How do I add custom Python libraries to JupyterLab?

If you’re using the official Jupyter Docker stacks, you can extend the image with a Dockerfile that installs additional packages via pip install. Alternatively, run !pip install package-name directly in a notebook cell for temporary installations.

Can Zeppelin connect to external databases?

Yes. Zeppelin has built-in JDBC interpreters that can connect to PostgreSQL, MySQL, Oracle, and other databases.
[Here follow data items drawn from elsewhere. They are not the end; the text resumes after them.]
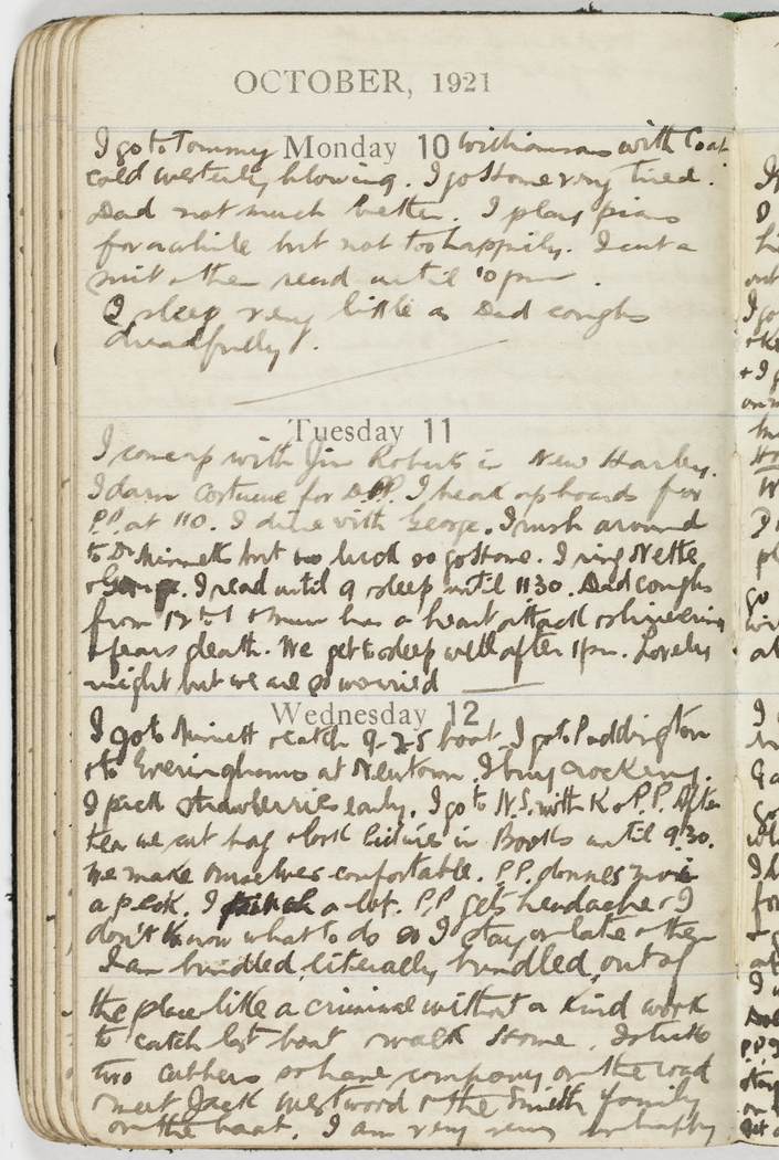 I go to Tommy Williams with coat. cold westerly blowing. I go home very tired. Dad not much better. I play piano for a while but not too happily. I cut a suit and then read until 10 pm. I sleep very little as Dad coughs dreadfully.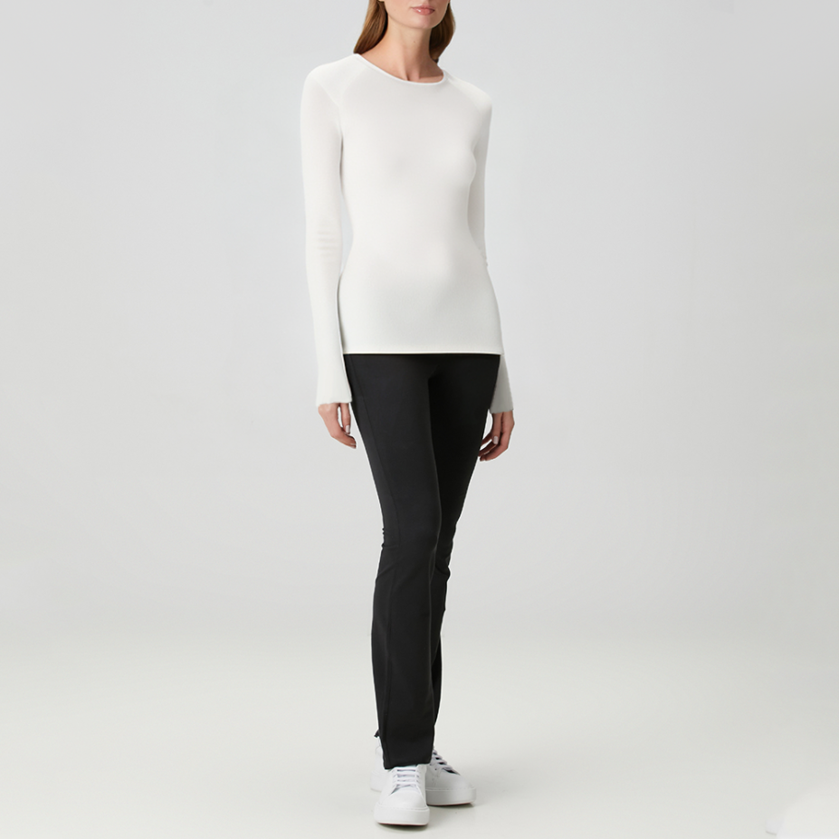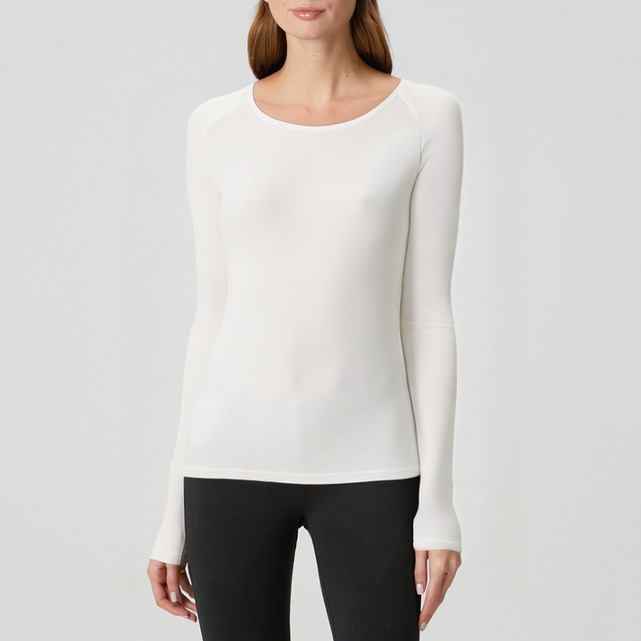 This women's long-sleeved top features a simple, solid color design with a classic round neck, showcasing a natural and elegant style suitable for various occasions. Made from soft and comfortable pure cotton, it has a delicate feel, is comfortable against the skin, and is highly breathable, keeping you dry and comfortable even after prolonged wear. The regular fit is neither too tight nor too loose, naturally flattering the figure. It pairs well with jeans, casual pants, or skirts, easily creating a stylish look for everyday work or leisure. The refined details at the cuffs and hem enhance the overall quality while ensuring freedom of movement.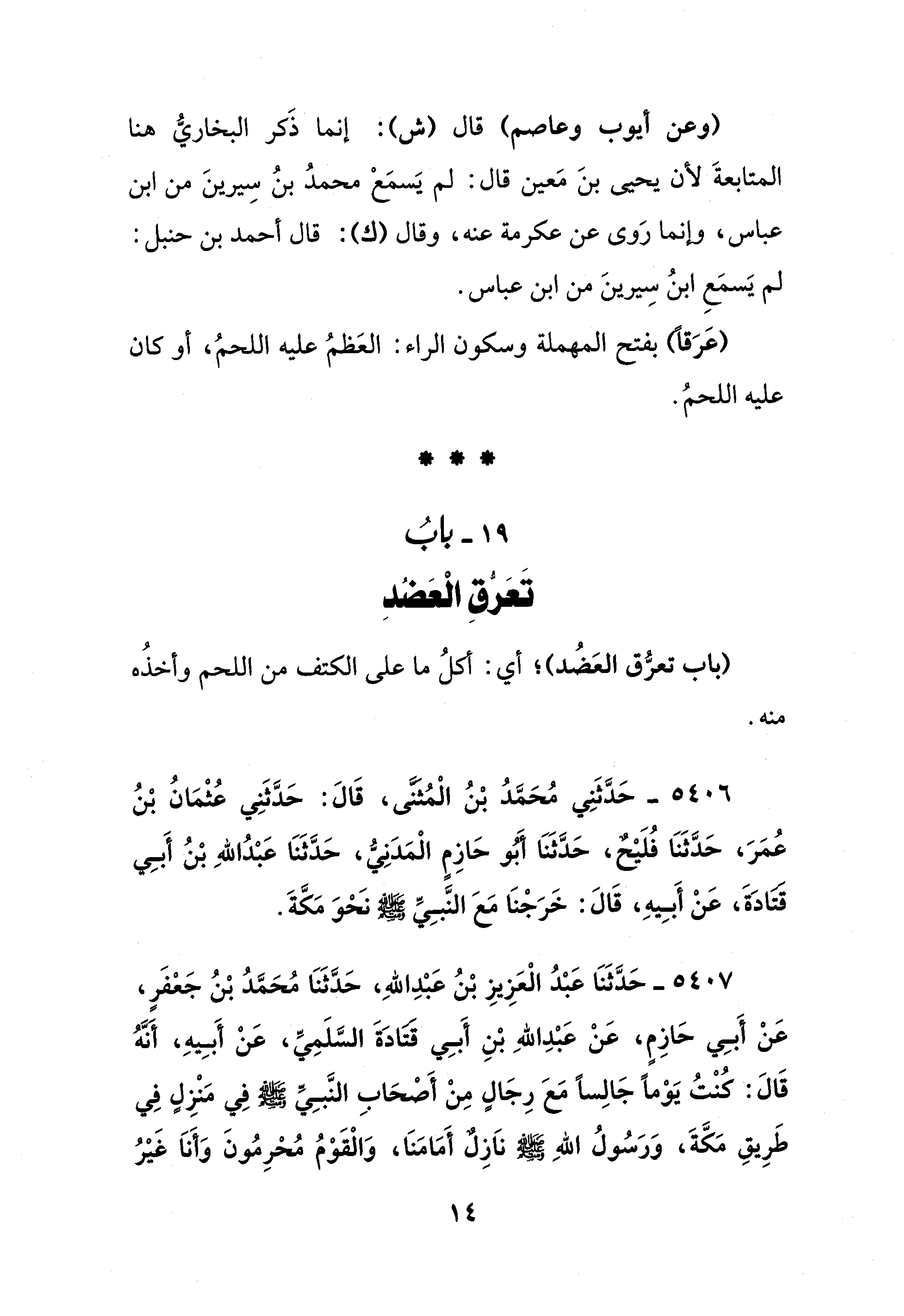 19 - بابُ تَعَرُّقِ الْعَضُدِ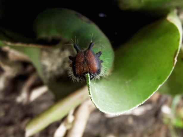 H κάμπια Dynastor darius darius δεν είναι μια συνηθισμένη κάμπια. Είναι χαρακτηριστικό το μεγάλο μαύρο κεφάλι στην άκρη του πράσινου σώματός της.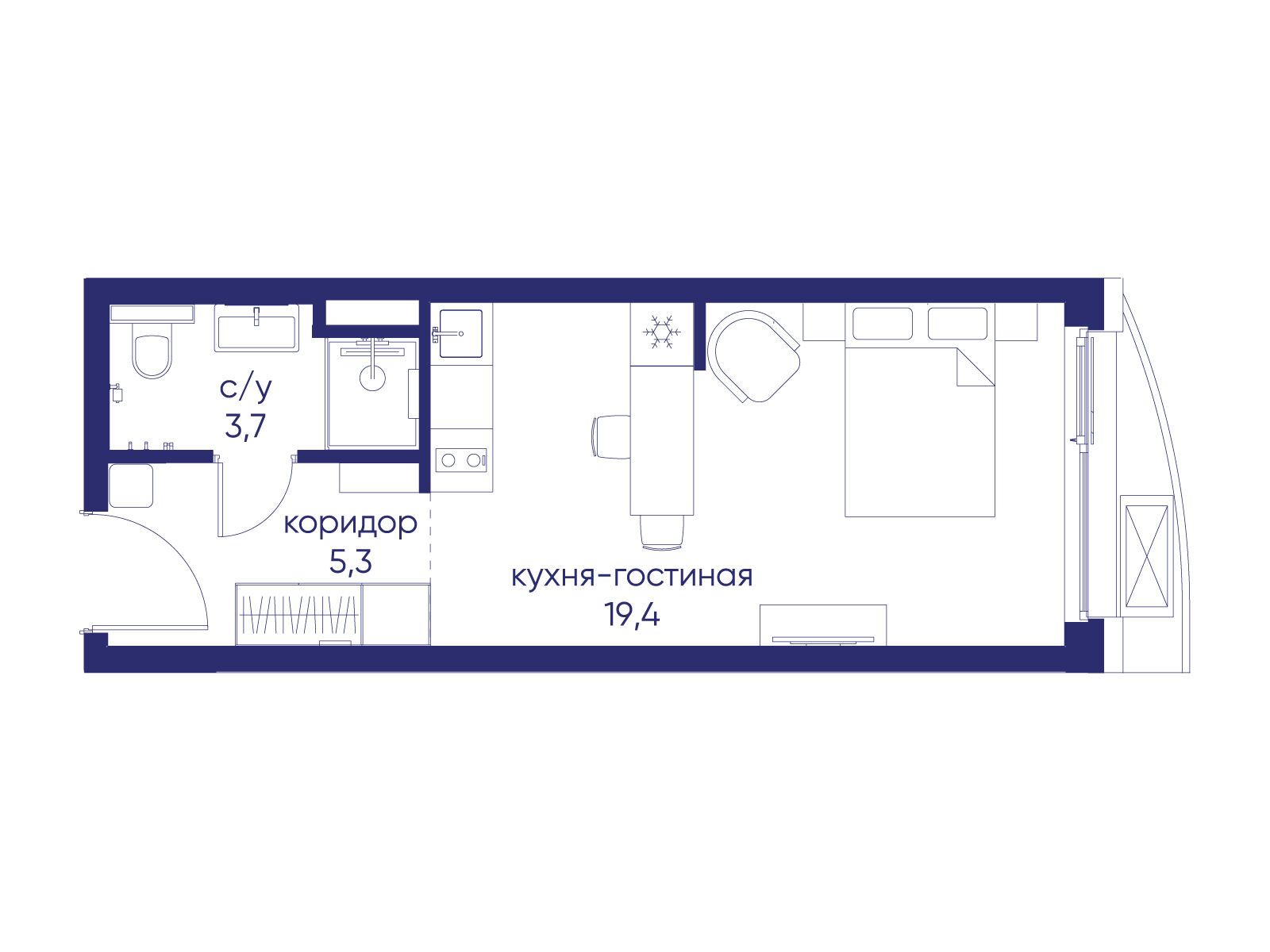 - Общая площадь 28.42 м²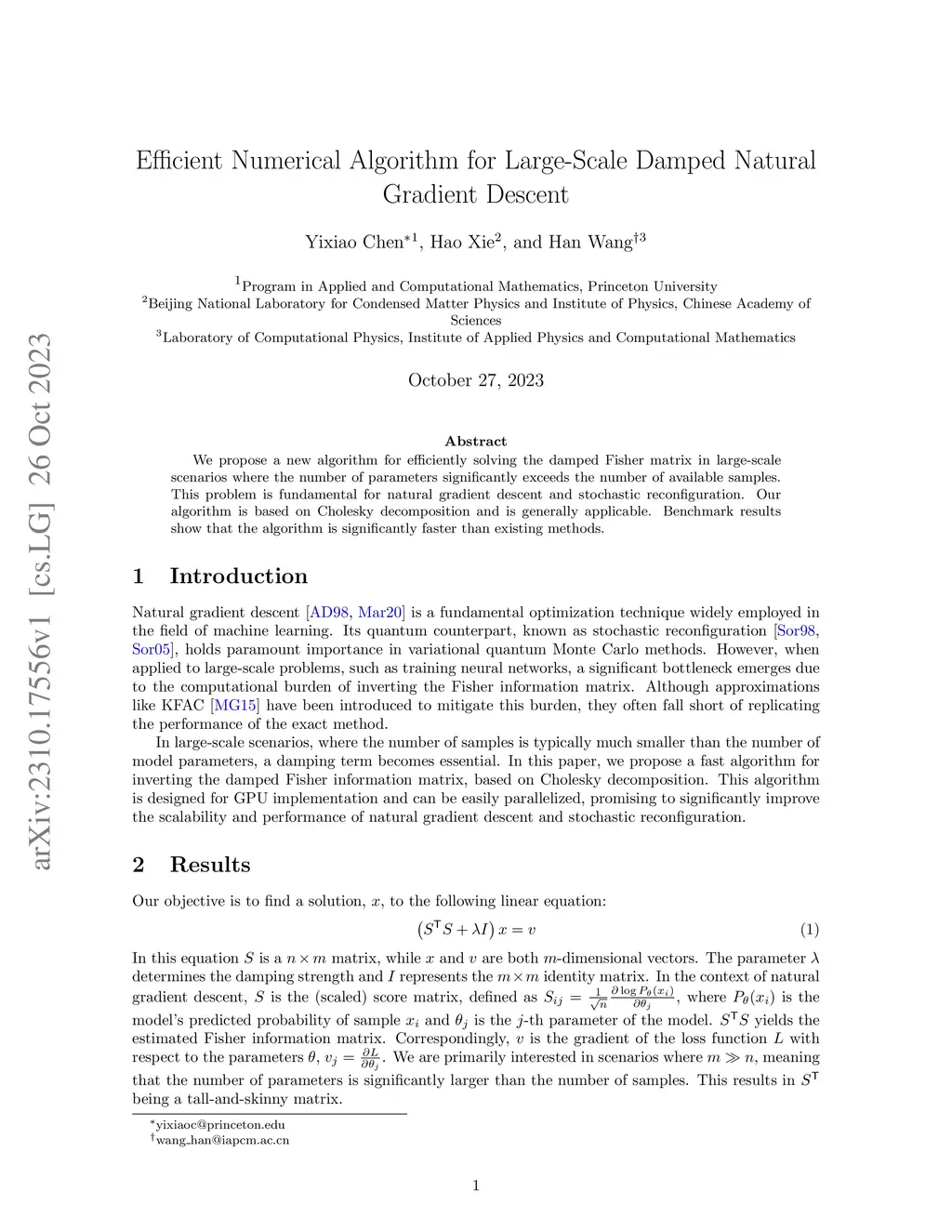 We propose a new algorithm for efficiently solving the damped Fisher matrix in large-scale scenarios where the number of parameters significantly exceeds the number of available samples. This problem is fundamental for natural gradient descent and stochastic reconfiguration. Our algorithm is based on Cholesky decomposition and is generally applicable. Benchmark results show that the algorithm is significantly faster than existing methods.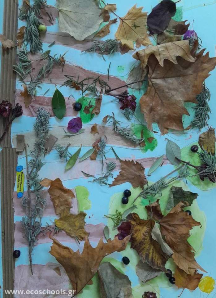 Φθινοπωρινό δάσος από τα παιδιά της πρώτης δημοτικού. φύλλα που μάζεψαν από την αυλή του σχολείου οι μικροί μαθητές και έφεραν την φύση μέσα στην τάξη.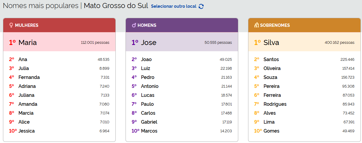 O sobrenome Silva é o mais frequente entre os sul-mato-grossenses, identificado em 400 mil pessoas, seguido de Santos (225 mil) e Oliveira (157 mil).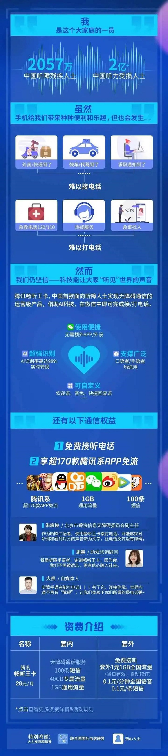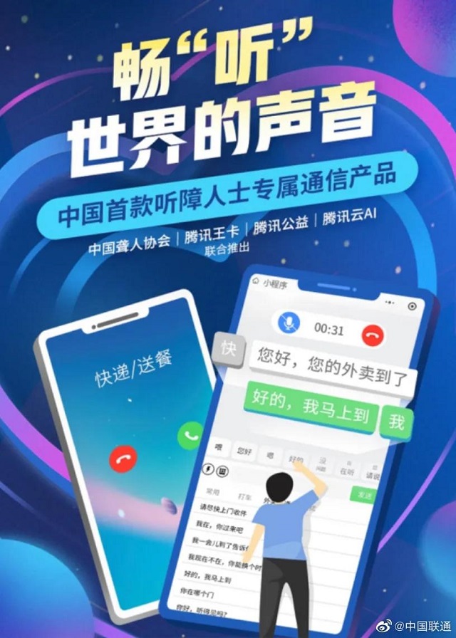 中国联通、腾讯王卡、腾讯公益、腾讯云AI联合中国聋人协会推出中国首款听障人士专属通信产品——畅听王卡。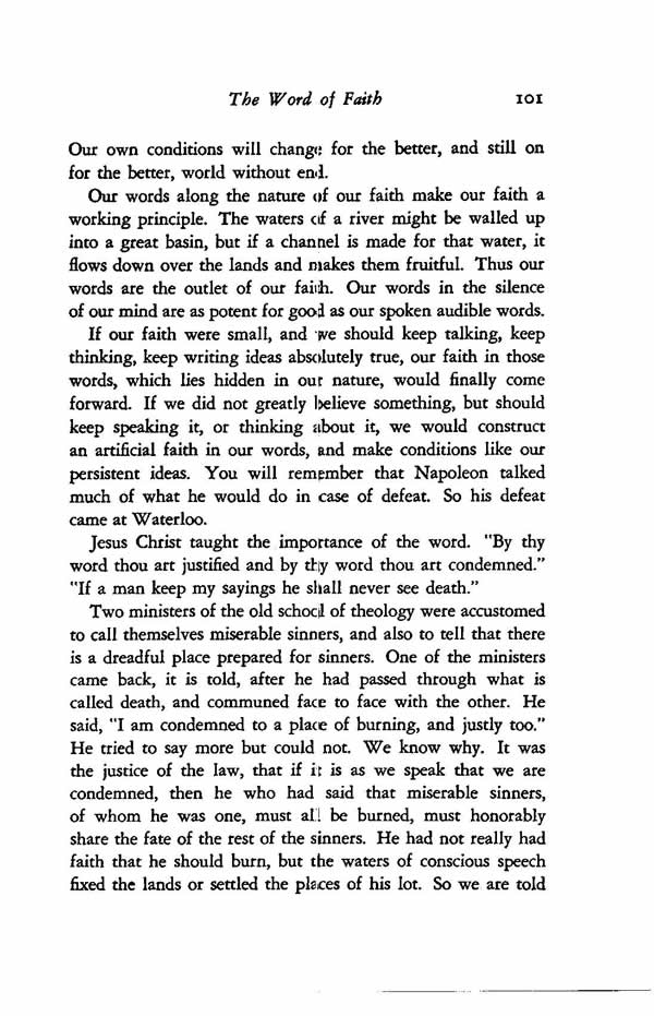 If our faith were small, and we should keep talking, keep thinking, keep writing ideas absolutely true, our faith in those words, which lies hidden in our nature, would finally come forward. If we did not greatly believe something, but should keep speaking it, or thinking about it, we would construct an artificial faith in our words, and make conditions like our persistent ideas. You will remember that Napoleon talked much of what he would do in case of defeat. So his defeat came at Waterloo.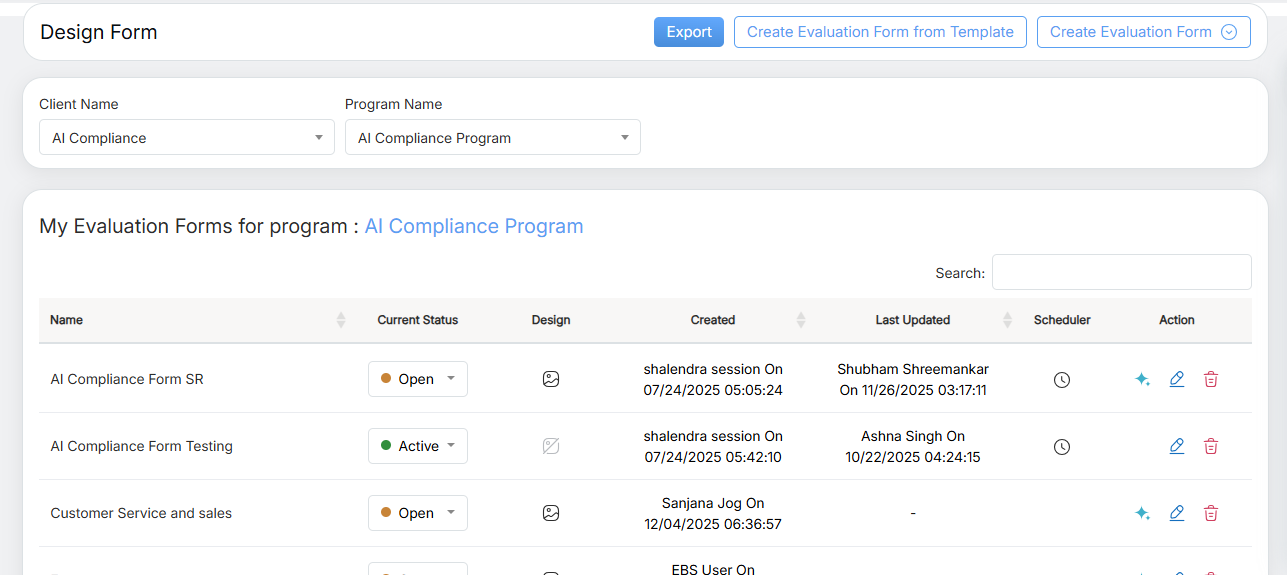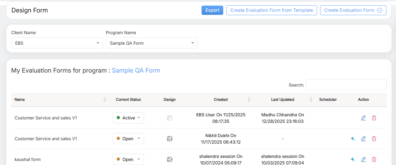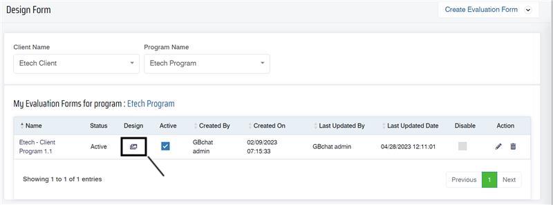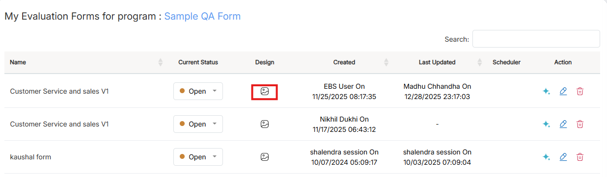 Click on the Design icon displayed under the Design column displayed on the Design Form page to view the design form page.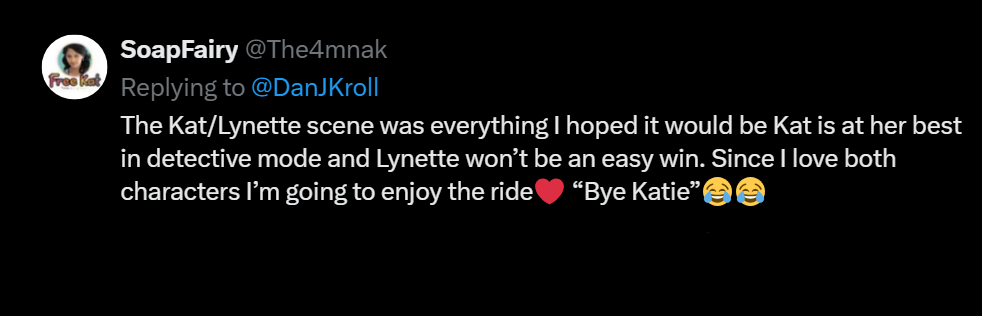 Kat is a very determined young woman. I donโt think sheโs going to give up on probing Hayley and Lynetteโs connection. Unlike her involvement in the โred marketโ blood and plasma theft, I donโt think Kat is any kind of danger here. Yes, Hayley is actively trying to off Bill, but I donโt see her trying to do the same to Kat.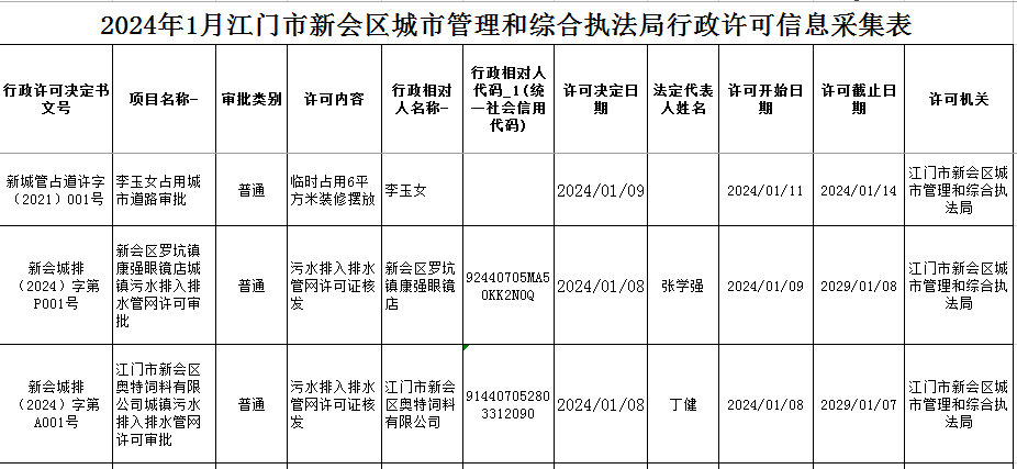 2024.1.12江门市燕雨直播 城市管理和综合执法局行政许可信息.xls

You need to place the appropriate JDBC driver JAR files in Zeppelin’s interpreter/jdbc/ directory.

Is JupyterLab suitable for production dashboards?

JupyterLab itself is an interactive development environment. For production dashboards, consider using Voila (which converts notebooks to standalone web apps) or Panel (which creates interactive dashboards from Python code).

How do I secure a self-hosted notebook platform?

All three platforms support token-based authentication. Zeppelin also supports Shiro and LDAP authentication. JupyterLab can integrate with OAuth providers. Always run behind a reverse proxy with TLS, and restrict access to your internal network or VPN.